0004321 ERN001 2345 11
0004321 ERN002 345 10
0004321 ERN003 345 9
000507 ER-01 563 4
000732 ERN001 2345 12
000732 ERN002 9 13
000732 ERN003 678 8
Please help me with the query
You can aggregate by the fields you need and, at the same time, order by the EMP_EARN_NO value; this can be a solution, by analytic functions:
WITH TEST(emp_no, earn_no, amount, emp_earn_no) AS
(
SELECT '0004321' , 'ERN001' ,2345 ,11 FROM DUAL UNION ALL
SELECT '0004321' , 'ERN002' ,345 , 10 FROM DUAL UNION ALL
SELECT '0004321' , 'ERN003' ,345 ,9 FROM DUAL UNION ALL
SELECT '000507' , 'ER-01' ,56 ,1 FROM DUAL UNION ALL
SELECT '000507' , 'ER-01' ,563 , 2 FROM DUAL UNION ALL
SELECT '000507' , 'ER-01' ,563 ,3 FROM DUAL UNION ALL
SELECT '000507' , 'ER-01' ,563 ,4 FROM DUAL UNION ALL
SELECT '00732' , 'ERN001' ,123 ,7 FROM DUAL UNION ALL
SELECT '00732' , 'ERN001' ,2345 ,12 FROM DUAL UNION ALL
SELECT '00732' , 'ERN002' ,9 ,13 FROM DUAL UNION ALL
SELECT '00732' , 'ERN003' ,67 ,5 FROM DUAL UNION ALL
SELECT '00732' , 'ERN003' ,456 ,6 FROM DUAL UNION ALL
SELECT '00732' , 'ERN003' ,678 ,8 FROM DUAL
)
SELECT emp_no, earn_no, amount, emp_earn_no
FROM (
SELECT emp_no,
earn_no,
amount,
emp_earn_no, ROW_NUMBER() OVER ( PARTITION BY EMP_NO, EARN_NO ORDER BY emp_earn_no DESC) AS ROW_NUM
FROM TEST
)
WHERE ROW_NUM = 1
Give this a shot,
SELECT EMP_NO, SUM(AMOUNT)
FROM EMP_EARN_DETAILS
GROUP BY EMP_NO
HAVING EMP_EARN_NO = MAX(EMP_EARN_NO)
Try this query:
select emp_no, earn_no,
sum(amount) keep (dense_rank last order by emp_earn_no) as sum_amount
from emp_earn_details
group by emp_no, earn_no
First by following query , your conditions achieved :
select t.emp_no a ,t.earn_no b ,max(t.amount) c
from EMP_EARN_DETAILS t
group by t.emp_no,t.earn_no
order by t.emp_no
Only things that you must specify , in a same record with different EMP_EARN_NO. You have to specify in same record which must be in result.

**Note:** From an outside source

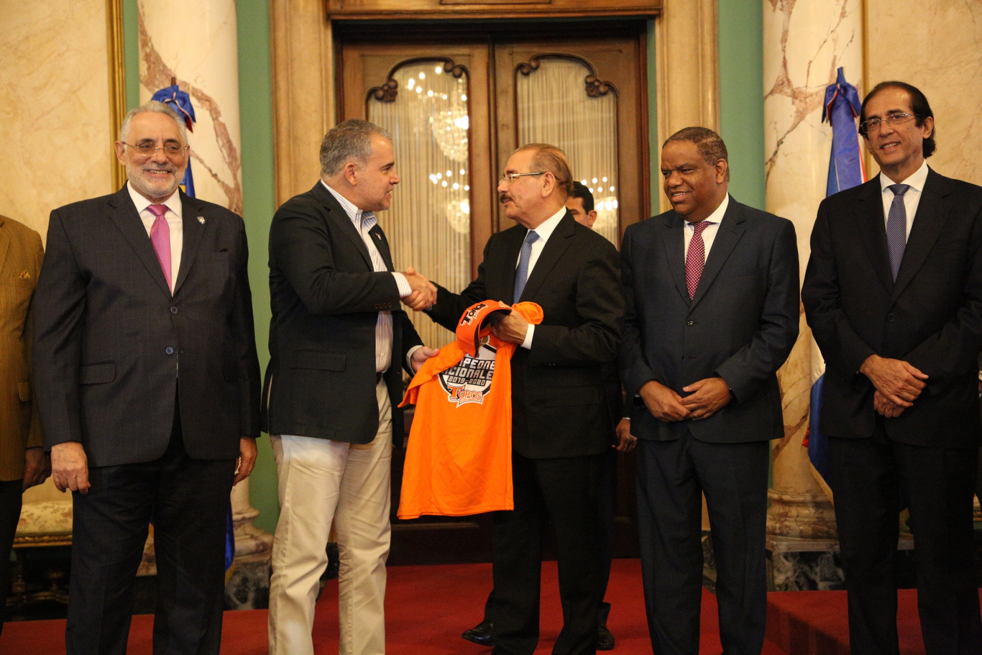 El presidente Danilo Medina recibió esta tarde con mucha alegría a los Toros del Este, campeones de la Serie del Caribe 2020, celebrada en el Estadio Hiram Bithorn en San Juan, Puerto Rico.

So if you want maximum EMP_EARN_NO be in result you can use following query as final query (exactly your target in question):
select t.emp_no a ,t.earn_no b ,max(t.amount) c, max(t.emp_earn_no) emp_earn_no
from EMP_EARN_DETAILS t
group by t.emp_no,t.earn_no
order by t.emp_no
If you want minimum or others EMP_EARN_NO be in result you can above query replace max function by your conditions.